Tell me that picture of the two candidates won't be in the Andy Warhol museum someday.
I just hope the Democratic Party isn't investing too much hope in its recent attacks against Ron Johnson for holding stock in Chinese companies. It doesn't take an expert in trade policy to know that anybody with a big portfolio is going to have foreign interests -- all you have to do is look at the tag on the tongue of those fresh Nikes. And if we're going to play the human rights game (I wish it were played more often) then ask Nancy Pelosi why she owns over $100,000 of stock in a company who abided by Chinese censorship demands and even turned names of trouble-doers over to the government.
The Democrats are not misguided in their attempts to sell Feingold's brand as an advocate for the everyday worker. He is one. He can blend his message on trade, bailouts and personal ethics (not accepting pay raises or earmarks) well into an effective contrast with Ron Johnson's big business background (it is not a small business). If he can poise himself as the victim of a barrage of bitterness from Wall Street interests, he just might be able to win the sympathy of some swing voters who might otherwise have voted for the GOP based on their frustration with the economy.
But so far the Dems have been sloppy. They're throwing everything they've got against Johnson and hoping that something sticks. The problem is that most people don't know anything about Johnson. He's just a random guy who the GOP won't let out in the public. Over-the-top attacks against a political newcomer might strike voters as unwarranted and desperate. Instead of putting words in Johnson's mouth, why don't they ask voters a simple question: Who is Ron Johnson?
What does he stand for? Why won't he talk to the media or the people? Why has he switched his positions on several key issues? Don't the people deserve to know?

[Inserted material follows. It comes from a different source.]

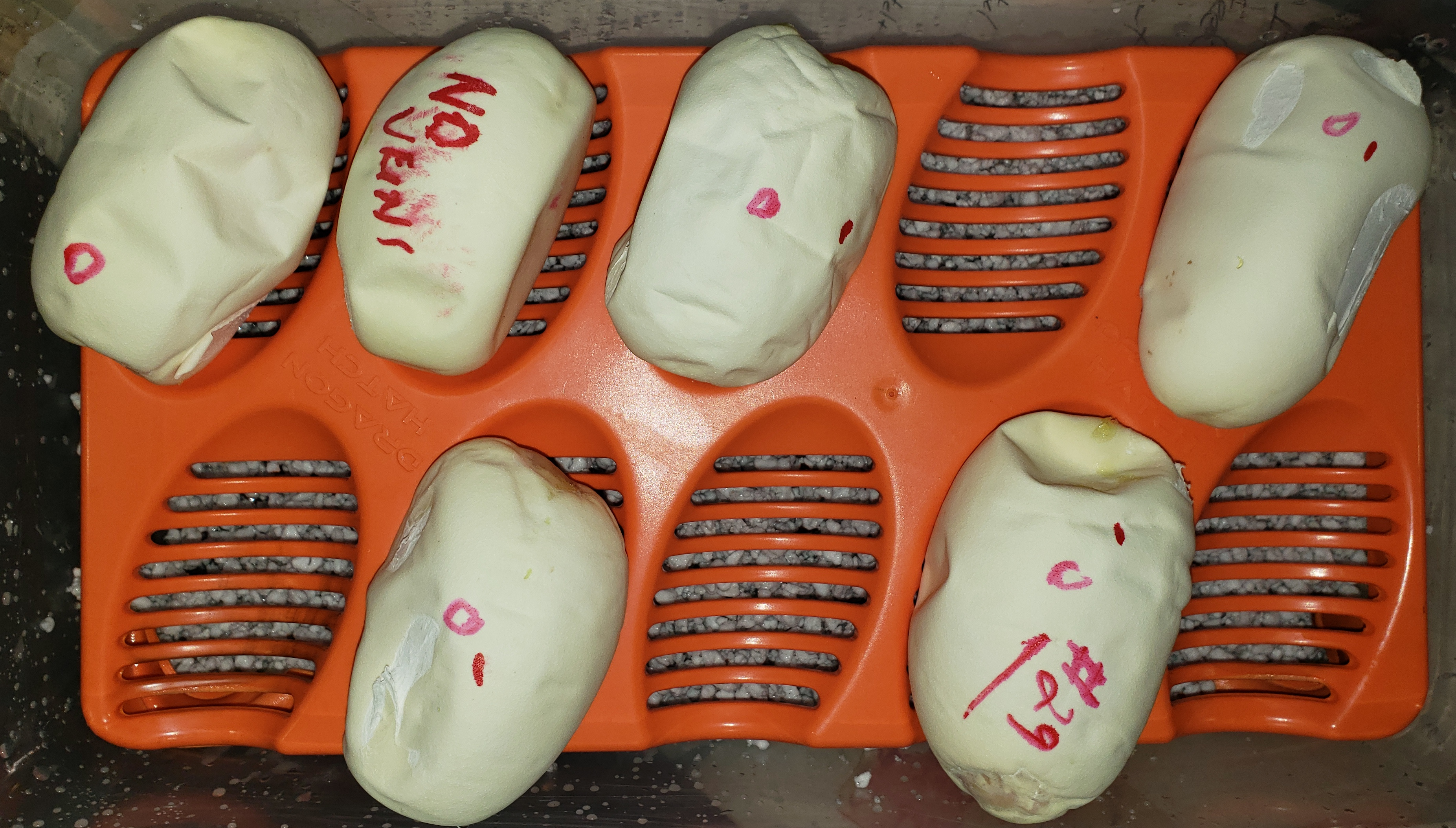 due 8-9-24 6 eggs, 1 deflated, 5 good, 1 leaking and patched

And they're forgetting to highlight the contrast that Feingold offers. Let him offer his personal narrative, about how he has stood up to Wall St interests, to big government encroachments on our liberty in the wake of 9/11, and how he, like most Wisconsinites, pays the income tax, and has never received special treatment from government. He doesn't even need to mention Johnson's name -- the implicit attack will be clear to the voters, and it won't come off as mean spirited or strategic.